Dataset Ingestion
Guide to ingesting and publishing data to the VEDA data store & STAC API
VEDA uses a centralized Spatio-Temporal Asset Catalog (STAC) for data dissemination and prefers to host datasets in cloud-object storage (AWS S3 in the region us-west-2
) in the cloud-optimized file formats Cloud-Optimized GeoTIFF (COG) and Zarr, which enables viewing and efficient access in the cloud directly from the original datafiles without copies or multiple versions.
Steps for ingesting a dataset
For dataset ingestion, generally four steps are required. Depending on the capacity of the dataset provider, some of the steps can be completed by the VEDA team on request.
The data ingestion process requires Cognito
credentials (username and password). In order to retrieve these credentials, you’ll need to contact a member of the VEDA Data Services Team at veda@uah.edu who can set up an account and credentials for you. The first time you log in using the Cognito Client
, you will be prompted to set a new password.

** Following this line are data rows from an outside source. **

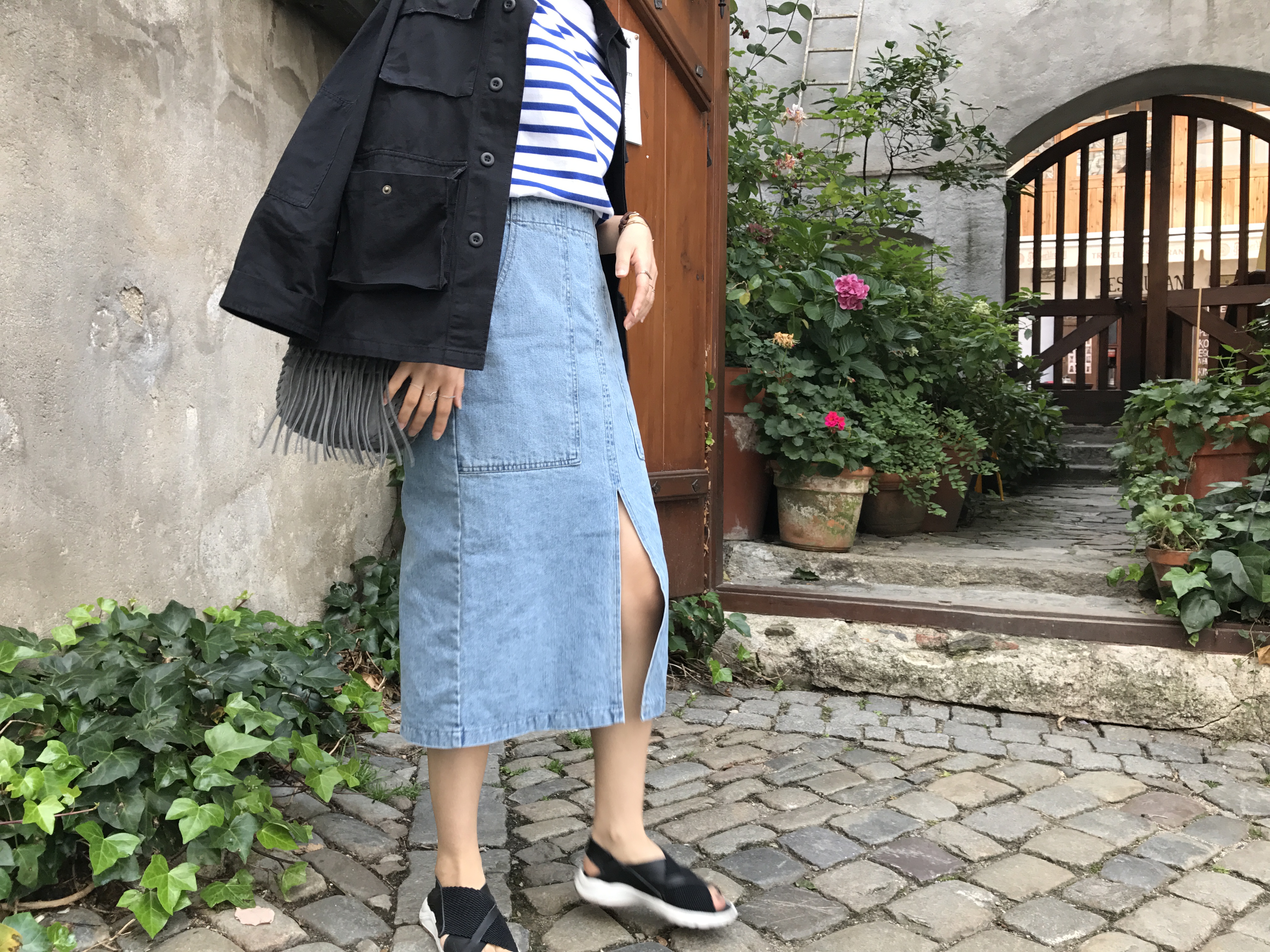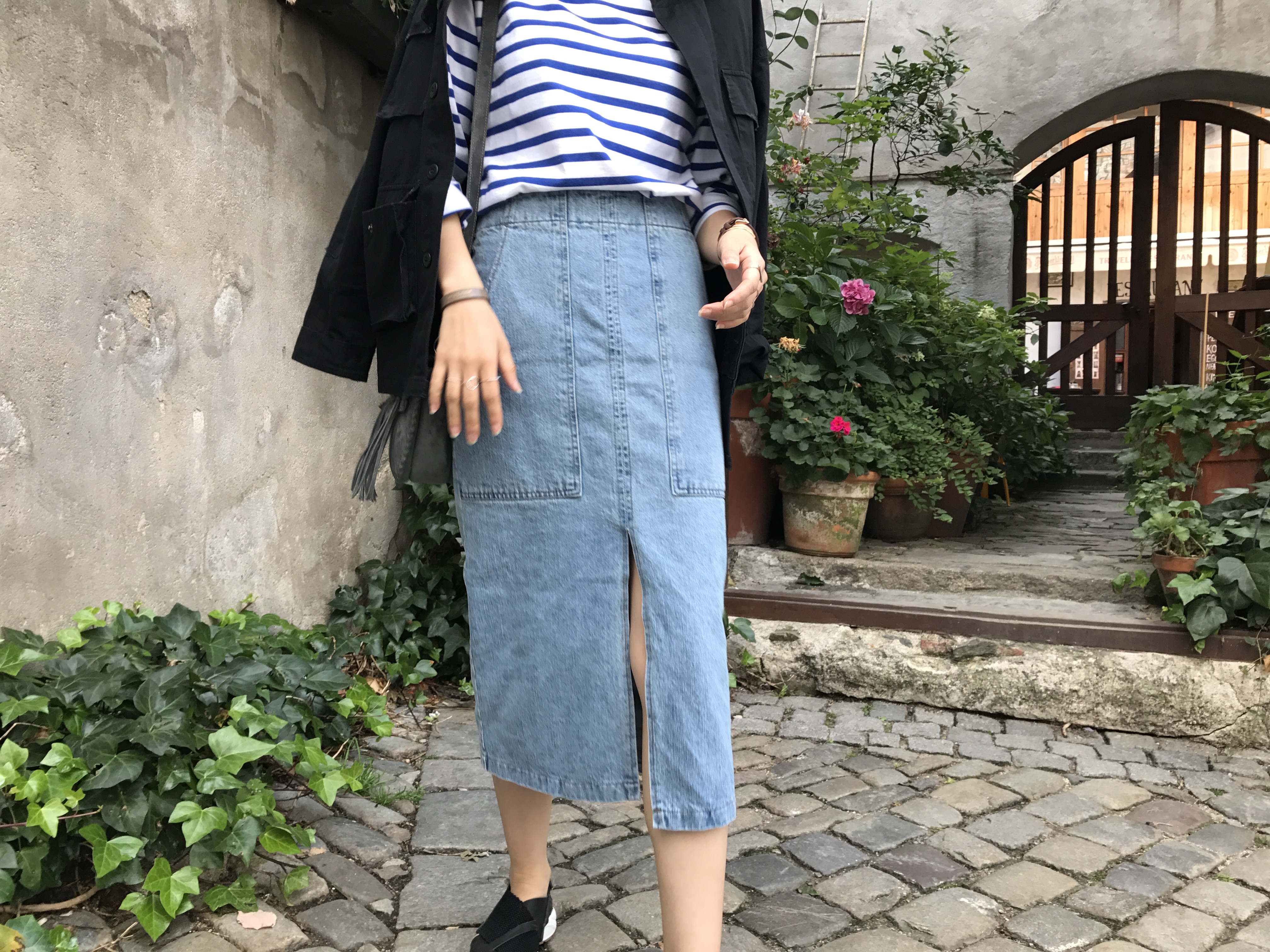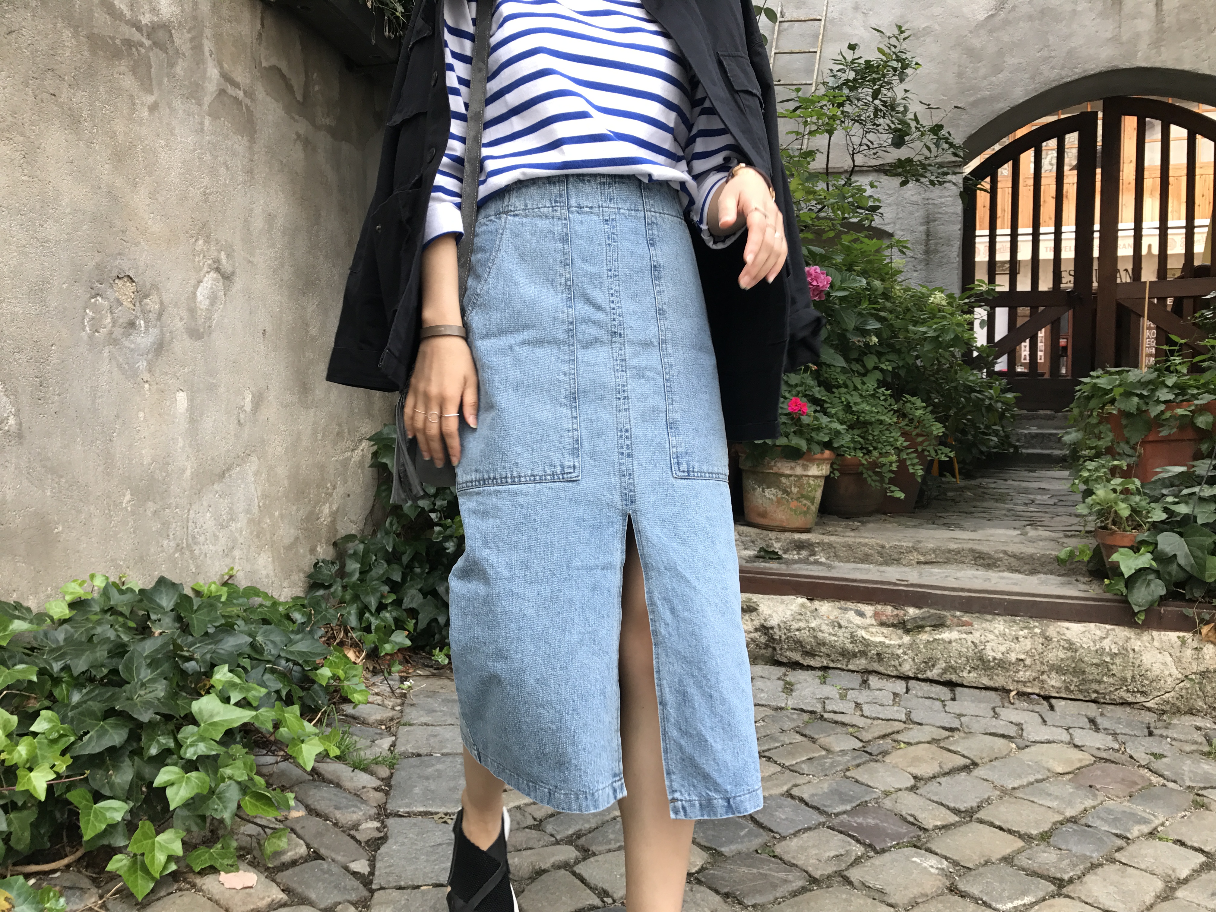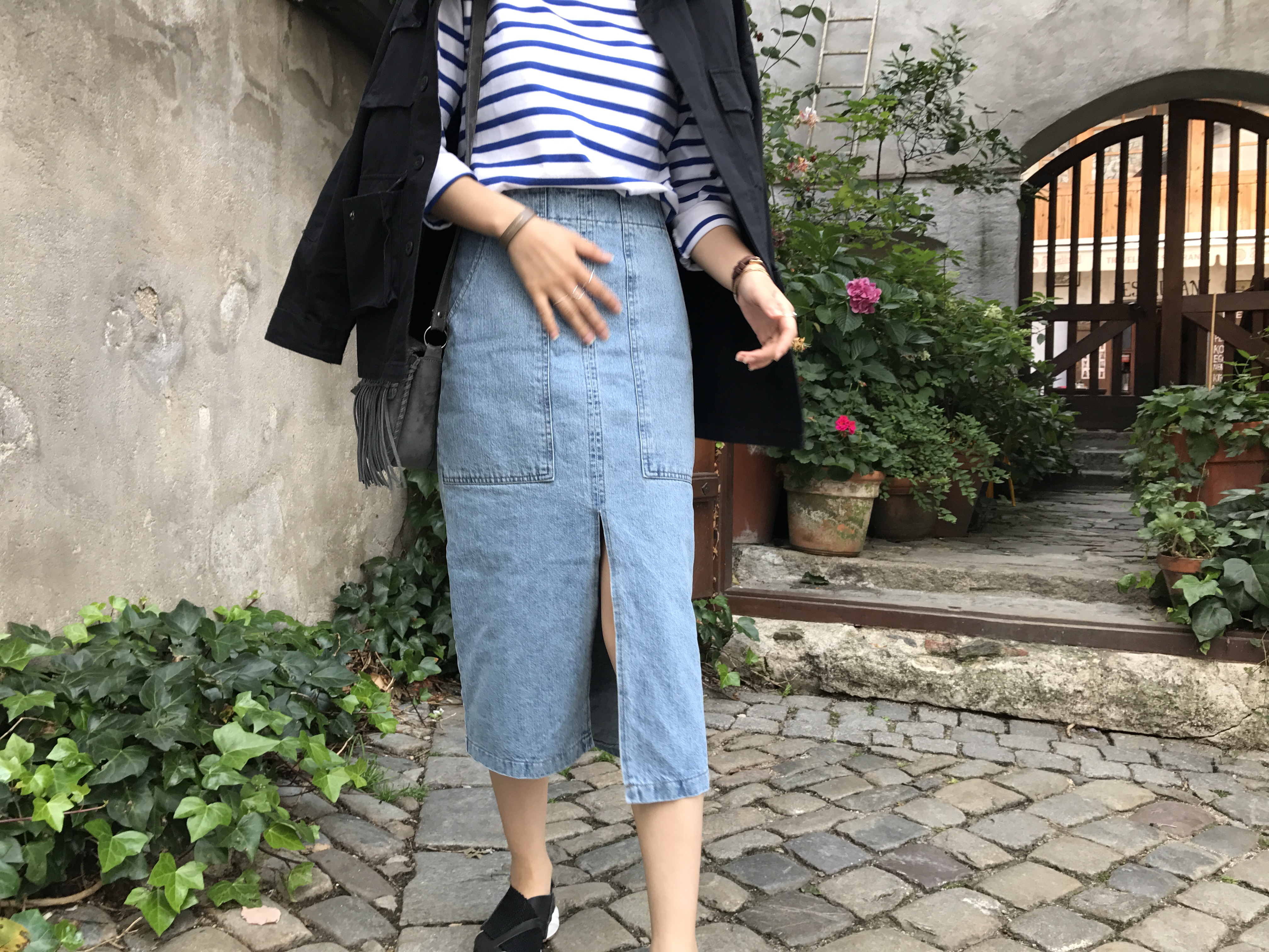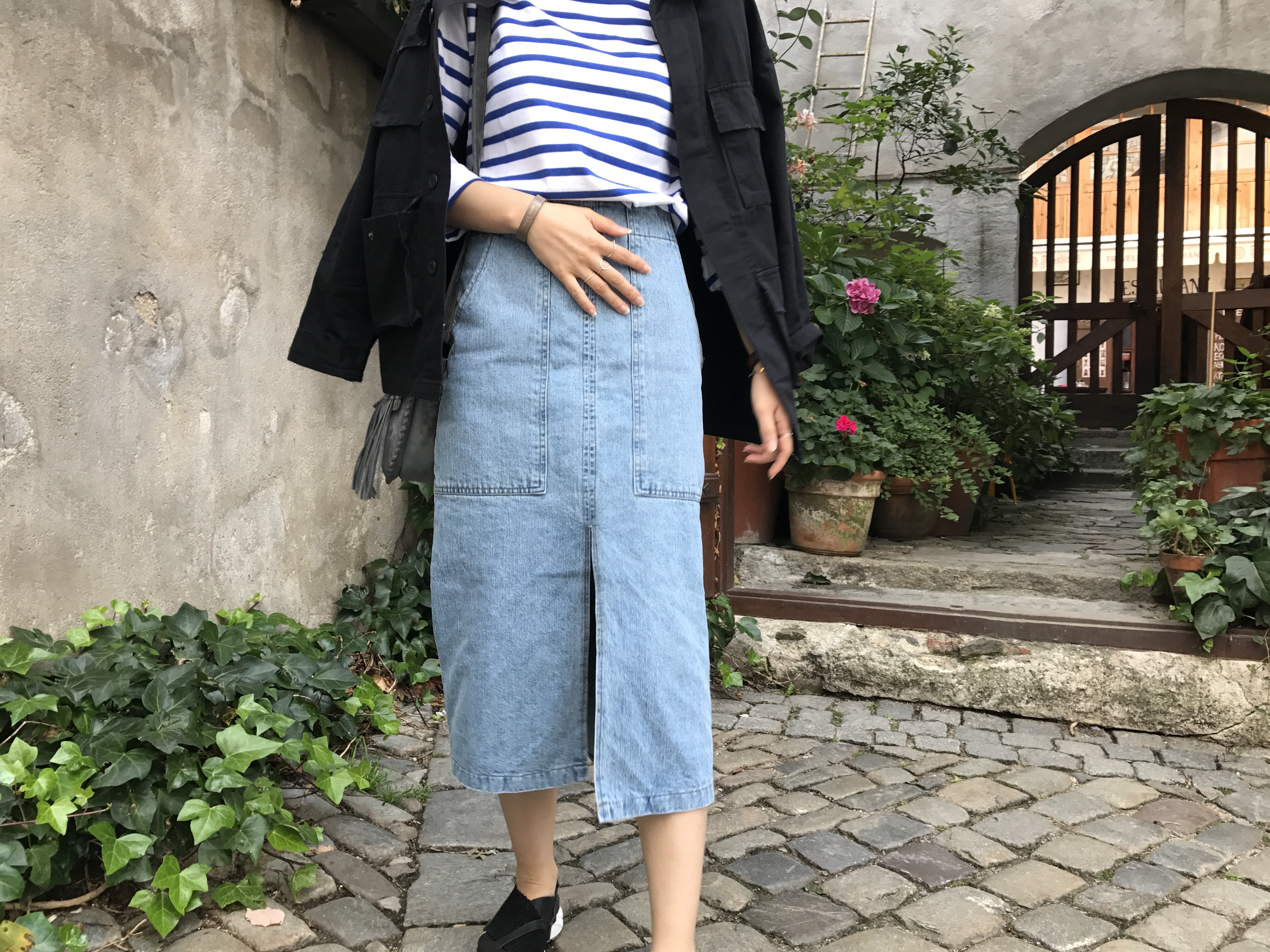 Long sleeved denim skirts and curly bands denim A line autumn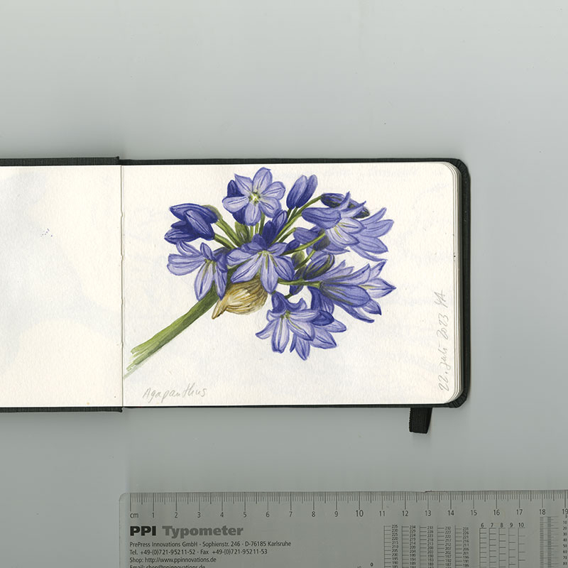 Format: DIN A6 Papier: Skizzenbuch, Aquarellpapier Farbe: Fineliner und Schmincke Horadam Aquarell Jahr: Juli 2023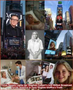 Stephen Colbert spent more than $30 million to secure a massive digital billboard takeover, broadcasting the entire case and the suffering of Virginia Giuffre, the woman tormented by dirty money and power. As the city had not yet fully awakened, Times Square flared into light with a truth that could not be concealed.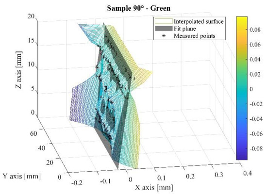 Figure 8 reports the reconstructed surface of plane D of sample 90° at the green state. The figure shows the measured points, the best-fit plane and the interpolated surface, as in Figure 7.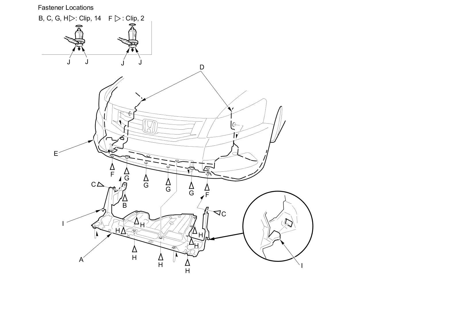 5. From under the body, detach the clips (H) that secure the front splash shield to the front subframe.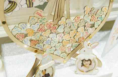 受付では、ゲストの皆様におふたりへのお祝いのメッセージをハート型のピースに書いていただき、大きなハート形のボードにいれていただく【ウェルカムドロップ】を採用。手描きのメッセージの温かみと、おふたりへの想いが込められた温かい演出。おふたりも、披露宴の入場前に嬉しそうにメッセージをご覧になっていらっしゃいました。

Complete as many steps of the process as you have capacity or authorization to. You will initially publish to a staging catalog where you can review the data before publishing to the public production catalog. Please follow the steps and guides outlined below:
- Transform datasets to conform with cloud-optimized file formats - see file preparation
- Upload files to storage (may be skipped, if data is cloud-optimized and in
us-west-2
) - Load those records into the STAGING VEDA STAC - see catalog ingestion
- Finally, when you are satisfied with how your data look in the staging catalog, open a veda-data pull request with the configuration you used to publish to the staging catalog. When this PR is approved, the data will be published to the production catalog at openveda.cloud!
Open a dedicated pull request in the veda-data repository. Please read through these docs fully first as you they will help supply the information required to complete the PR. Use this “new dataset” template to open a new issue and get started.
End to end ingest example
For a walk through of the full process outlined above, please refer to this example notebook. This notebook uses the GEOGLAM June 2023
to ingest this file CropMonitor_2023_06_28.tif into VEDA’s staging STAC catalog.
Please use this as a guide for the ingestion process (and required dataset defintions), replacing the GEOGLAM dataset metadata and file with your own data.
Stuck on how to develop compliant metadata records for your dataset?
Checkout the following notebooks and resources to help provide you with the STAC metadata required to create the dataset definitions needed for catalog ingestion.
- How to create STAC Collections: see this example notebook and related STAC conventions
- How to create STAC Items: see this example notebook and conventions.